Bethany A. Monk of the Ledger Dispatch 6/26/2008
Gay marriage protester no stranger to jail system
Tuesday, June 24, 2008
By Bethany A. Monk
The Christian missionary who has been touring the state in protest of gay marriage has been arrested several times and was jailed for violating the Freedom of Clinic Entrances Act in Milwaukee, the Ledger Dispatch learned.
Ronald Brock, who visited Amador County two weeks ago in his self-described "Marriage Mobile," was fined for violating the act with two other men for blocking the entrance of the Affiliated Medical Services clinic on Farnell Avenue in Milwaukee on June 4, 1995.
Brock has been arrested more than 80 times and had spent more than three year in jail, according to a 1995 article in the Milwaukee Sentinel. He was one of the first three anti-abortion protesters convicted of violating a federal clinic protection law, the article stated. Brock, Colin Hudson and James Soderna were also fined by federal Judge J.P. Stadtmueller for crossing the line when they tried to stop people from going into the clinic.
"Those abortion clinics are murdering innocent children; we know that's a fact," Brock told the Ledger Dispatch Friday in a phone interview. When asked if he had ever been arrested, Brock said, "Standing up for the laws of the land, I have yet to break the law," and then admitted that "they've arrested me and put me in jail."
Brock said he wasn't sure how many times he had been arrested, but agreed that it was between 80 and 100 times.

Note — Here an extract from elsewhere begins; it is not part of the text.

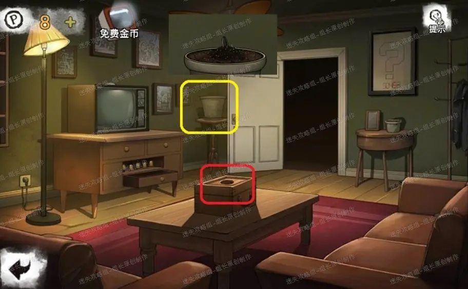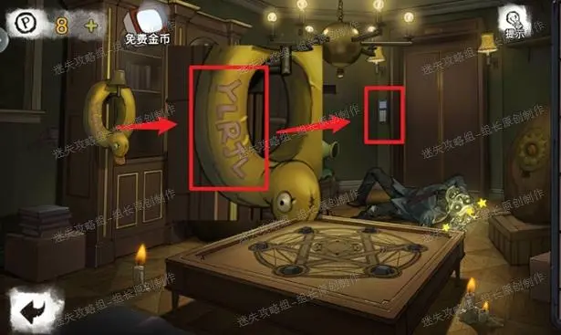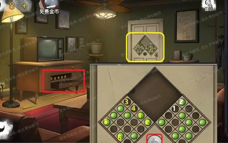 15、 客厅,红框处对抽屉里的盒子使用钥匙,打开后得到【按钮】,之后前往黄框处,放入按钮后进入小游戏,小游戏依照下图解法直接依照序数点击对应位置,左右分别点击,完成后红框点击即可完成小游戏,可以进入书房。

"It doesn't surprise me at all," said MaryAnn Lester, an Amador resident who saw Brock's Marriage Mobile when she drove by the Amador County Administration Center June 12. "It justifies my reaction when I saw him. It kind of says so much about what lengths people will go to for their beliefs."
Brock said he was just standing up for "innocent children in the womb."
Brock and his Marriage Mobile, which, much like a transformer, alternates between being a pro-life mobile and anti-same-sex marriage mobile, passed through Amador County two weeks ago. He parked his van in front of the County Administration Center that morning to protest the California Supreme Court's 4-3 ruling last month proclaiming marriage a basic right that shouldn't be withheld for same-sex couples. The Amador County Clerk-Recorder's office received the new marriage certificates in early June and began selling them to the public June 17.
Tico Arnese, Amador County Recorder-Clerk supervisor, said the office has sold four marriage certificates since June 17, but was unable to comment on whether any were to same-sex couples. The office does not perform marriage ceremonies, she said.